■ Aim of the task: Begin your copy at the line with "Зурлар катнаш төркеме" in the records below and end it at the line with "通过一网两微(文学系官网、微", restating each line word for word; omit the pictures.
::: Provided data :::
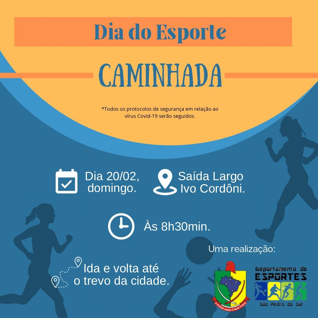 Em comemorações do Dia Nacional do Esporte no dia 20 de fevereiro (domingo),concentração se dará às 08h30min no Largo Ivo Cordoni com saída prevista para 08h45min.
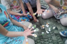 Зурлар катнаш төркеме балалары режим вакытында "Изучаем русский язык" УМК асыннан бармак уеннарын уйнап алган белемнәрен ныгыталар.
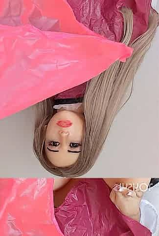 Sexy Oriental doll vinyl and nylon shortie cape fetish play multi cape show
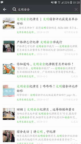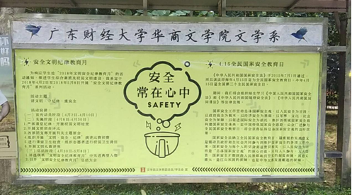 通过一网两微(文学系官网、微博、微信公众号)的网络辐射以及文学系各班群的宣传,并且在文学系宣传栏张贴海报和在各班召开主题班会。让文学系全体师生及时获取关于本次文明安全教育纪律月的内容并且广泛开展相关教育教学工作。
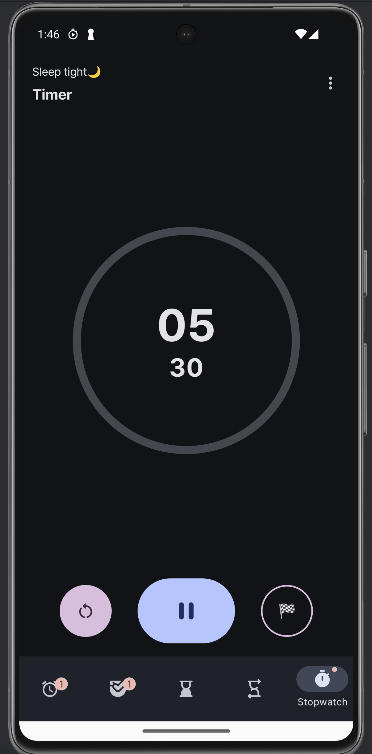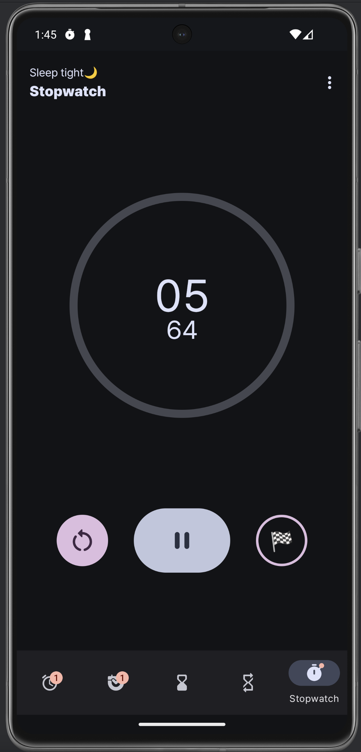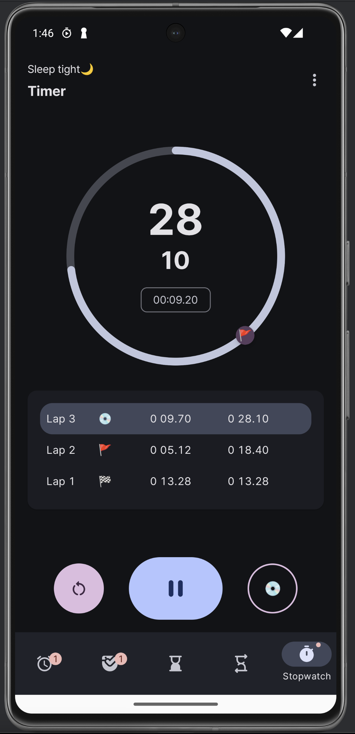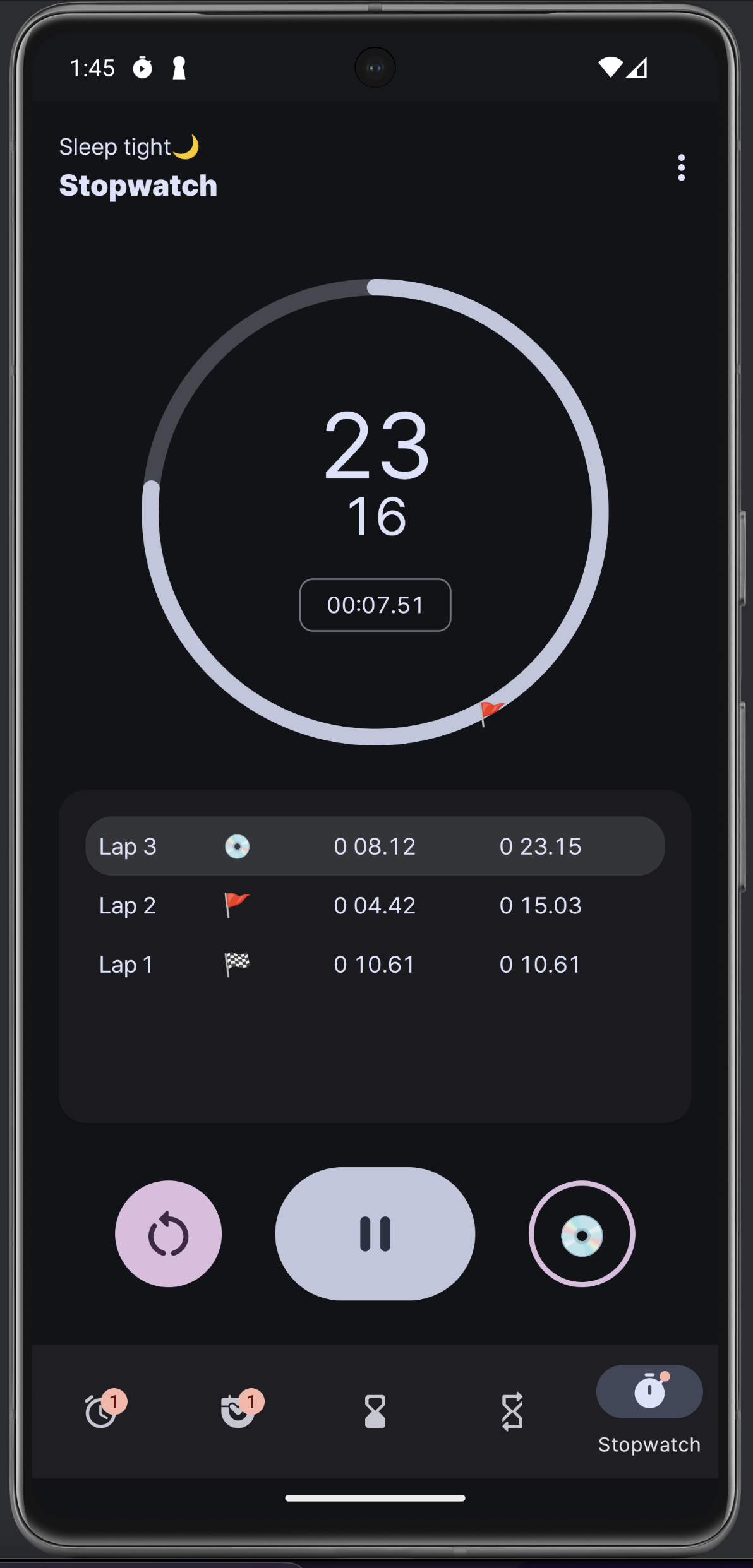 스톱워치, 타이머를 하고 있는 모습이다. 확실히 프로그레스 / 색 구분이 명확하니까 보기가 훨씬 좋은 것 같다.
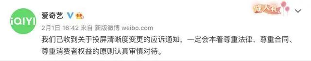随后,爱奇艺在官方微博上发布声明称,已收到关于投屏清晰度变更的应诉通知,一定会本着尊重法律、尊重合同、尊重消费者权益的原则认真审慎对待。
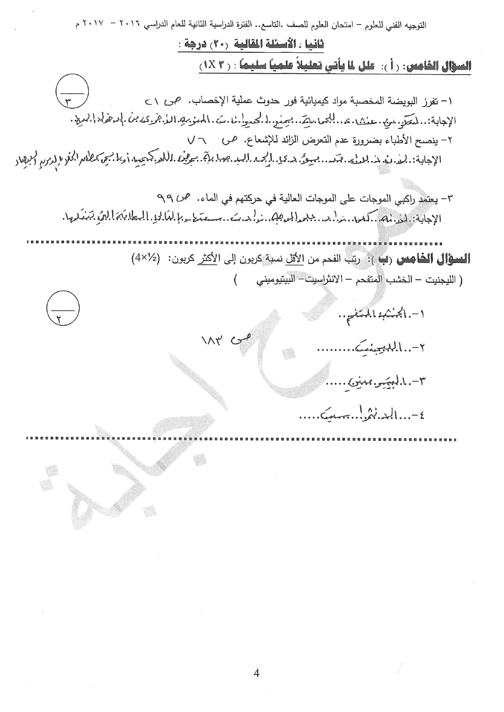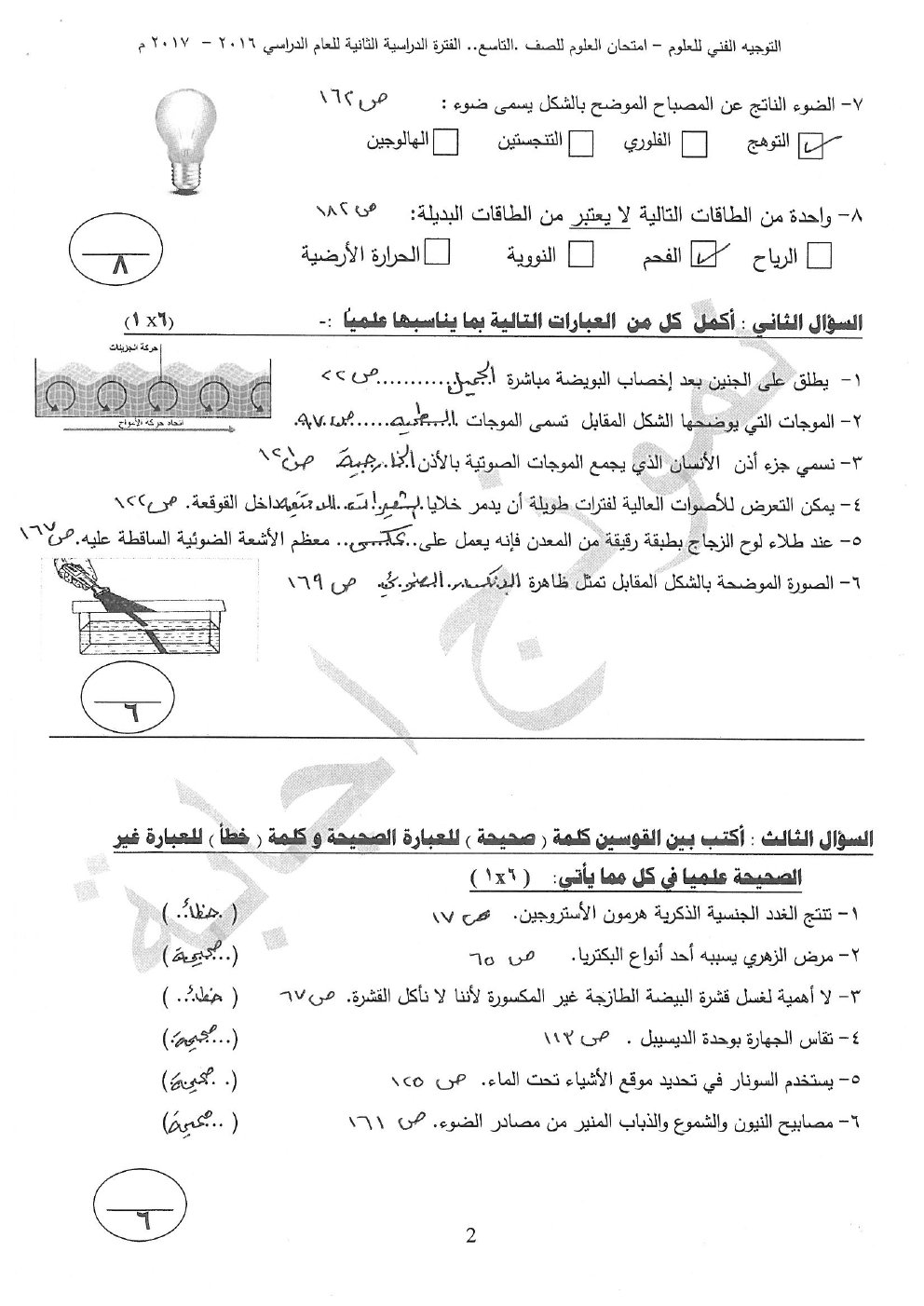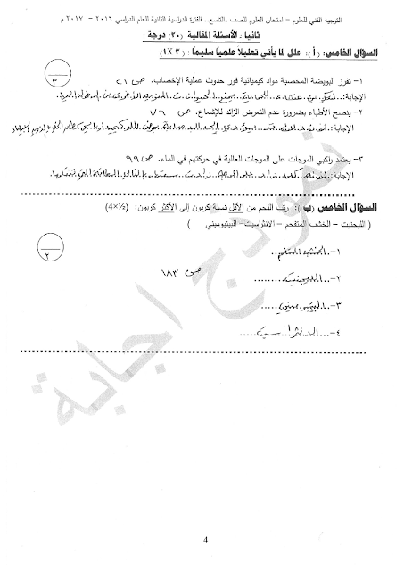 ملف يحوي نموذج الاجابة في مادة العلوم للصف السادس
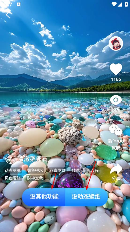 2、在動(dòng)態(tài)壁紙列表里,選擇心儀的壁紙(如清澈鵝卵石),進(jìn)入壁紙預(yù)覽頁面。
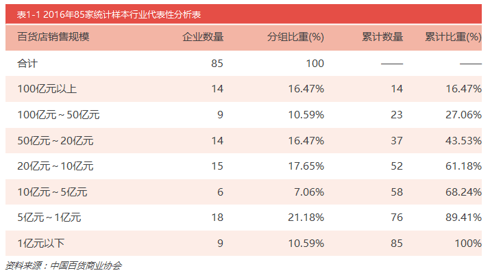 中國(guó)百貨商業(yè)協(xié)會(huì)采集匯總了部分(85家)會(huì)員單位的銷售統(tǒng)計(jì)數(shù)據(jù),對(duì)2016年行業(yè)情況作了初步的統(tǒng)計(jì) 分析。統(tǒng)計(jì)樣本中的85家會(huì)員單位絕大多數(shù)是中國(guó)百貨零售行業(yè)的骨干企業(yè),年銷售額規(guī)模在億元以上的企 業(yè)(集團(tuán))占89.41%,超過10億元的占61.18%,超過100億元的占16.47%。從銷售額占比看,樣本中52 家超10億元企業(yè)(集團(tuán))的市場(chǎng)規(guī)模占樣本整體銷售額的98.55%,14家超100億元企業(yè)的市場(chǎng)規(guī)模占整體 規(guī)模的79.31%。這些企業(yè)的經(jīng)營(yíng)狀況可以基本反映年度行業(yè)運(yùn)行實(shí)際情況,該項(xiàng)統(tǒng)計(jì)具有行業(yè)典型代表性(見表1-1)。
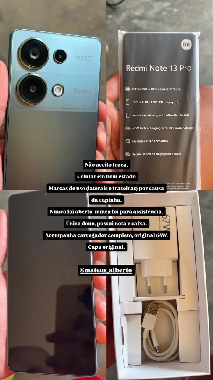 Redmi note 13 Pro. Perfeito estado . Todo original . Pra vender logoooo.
:::
■ Reply to the task:
 Зурлар катнаш төркеме балалары режим вакытында "Изучаем русский язык" УМК асыннан бармак уеннарын уйнап алган белемнәрен ныгыталар.
 Sexy Oriental doll vinyl and nylon shortie cape fetish play multi cape show
 通过一网两微(文学系官网、微博、微信公众号)的网络辐射以及文学系各班群的宣传,并且在文学系宣传栏张贴海报和在各班召开主题班会。让文学系全体师生及时获取关于本次文明安全教育纪律月的内容并且广泛开展相关教育教学工作。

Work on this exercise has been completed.